I also would like to know exactly when/where Jeter thinks that reporters misquoted him. Because he literally received 99% positive coverage over the past 20 years. Also, thanks to televised post-game press conferences, players already have the ability to communicate to the fans directly. Yet Jeter still didn't say anything interesting in that spot.

Also, if Jeter is going to speak out now, he had better answer more interesting questions than he did in his snoozeworthy #AskJeter Twitter live chat. Maybe if I were 12 years old, I might want to know #2's favorite flavor of ice cream or whether he preferred chicken to beef. But I think people are more interested in things like how he really felt about A-Rod, a question I and many others asked him online in the chat, yet were ignored.
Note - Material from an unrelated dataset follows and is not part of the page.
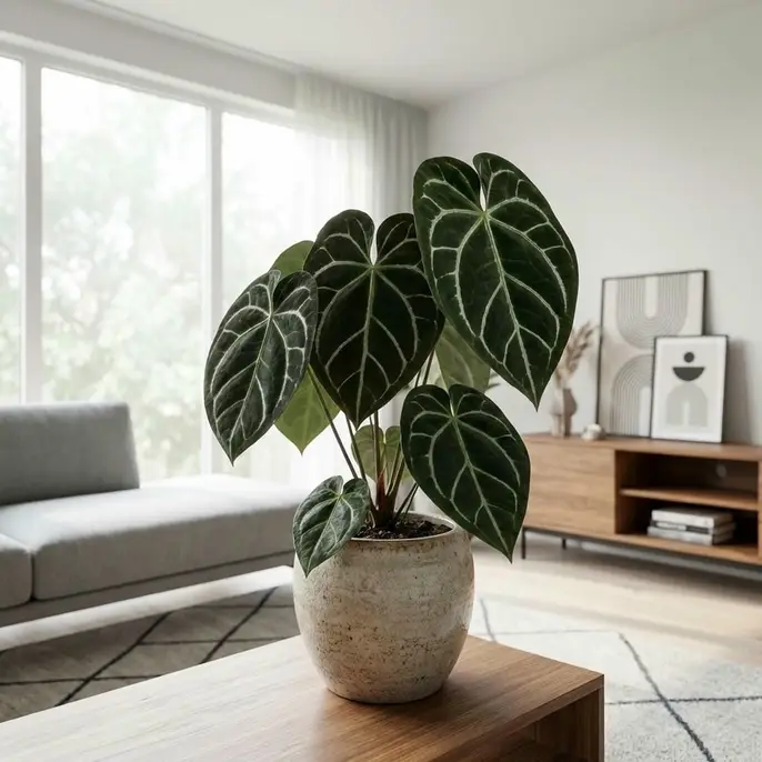 - Leaf Direction: Don't rotate it too often. Unlike Alocasias, Anthuriums orient their leaves to the light source once and then harden. If you rotate it, it wastes energy trying to turn back.
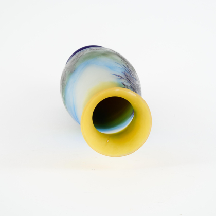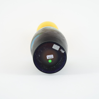 Material: Farbloses Glas, gelbe Pulvereinschmelzungen, blauer und violetter Überfang, Ätzdekor.

Something else Jeter is not acknowledging when it comes to being allegedly unfiltered is this: celebrities who talk about real issues stir up controversy and can suffer a financial hit. After Oprah Winfrey campaigned for Barack Obama for president, she lost a good chunk of her audience who never came back to her show. Rosie O'Donnell lost millions of fans and her reputation as the "Queen of Nice" when she got involved with political hectoring.

As Michael Jordan allegedly put it at one point when asked to wade into politics: Republicans buy sneakers, too. Are Jeter and other athletes going to risk potentially damaging their endorsement contracts, or their product sales, by truly saying what they really think? I doubt it. Heck, they are not even going to have a comments section on their articles!

In fact, Jeter also told Fallon while other athletes "like to share with the people, everything about them. I, personally, have not done that, and I personally will not do that." He insisted, "this is not about me, this is about an avenue for the players.” So even with his own blog, Jeter still isn't going to say anything interesting. Move over, Richard Neer. We have a new Sir Sominex!